8th Grade Studies the Past

12/08/2022

Our 8th Graders read Elie Wiesel’s masterpiece,  Night, a candid, autobiographical account of his survival as a teenager in the Nazi death camps. During the book discussion Ms. Glover (ELA) introduced the students to I Never Saw Another Butterfly, Children’s Drawings and Poems from the Terezin Concentration Camp, 1942-1944. 

Ms. Sahr (Art) then worked with the 8th Graders in Art Class creating butterflies that were inspired by the poems and artwork of the concentration camp victims.

Our 8th Graders then visited the Center for Jewish History with Ms. Glover (ELA) and Ms. Rennell (Social Studies) and listed to a talk by Dr. Magdalena Wrobel on Theresienstadt, a “camp-ghetto” that existed from November 24, 1941 – May 9, 1945. Theresienstadt served as a “settlement,” an assembly camp, and a concentration camp.  In its function as a tool of deception, Theresienstadt was unique.

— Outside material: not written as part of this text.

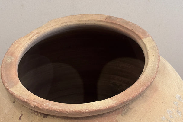 This original, solid and heavy vessel is exactly as shown. Originally used to store olive oil, it’s a one-of-a-kind piece that has weathered uniquely over time. Gathered layers of sediment paint and patina make it a stunning display piece.

In Nazi propaganda, Theresienstadt was cynically described as a “spa-town” where elderly German Jews could “retire” in safety. The deportations to Theresienstadt were, however, part of the Nazi strategy of deception. The ghetto was in reality a collection center for deportations to ghettos and killing centers in Nazi-occupied eastern Europe. Of the approximately 140,000 Jews transferred to Theresienstadt, nearly 90,000 were deported to points further east and certain death. Roughly 33,000 died in Theresienstadt itself. There were 17,247 survivors.

The poems and artwork in I Never Saw Another Butterfly are all work of the inmates of Theresienstadt.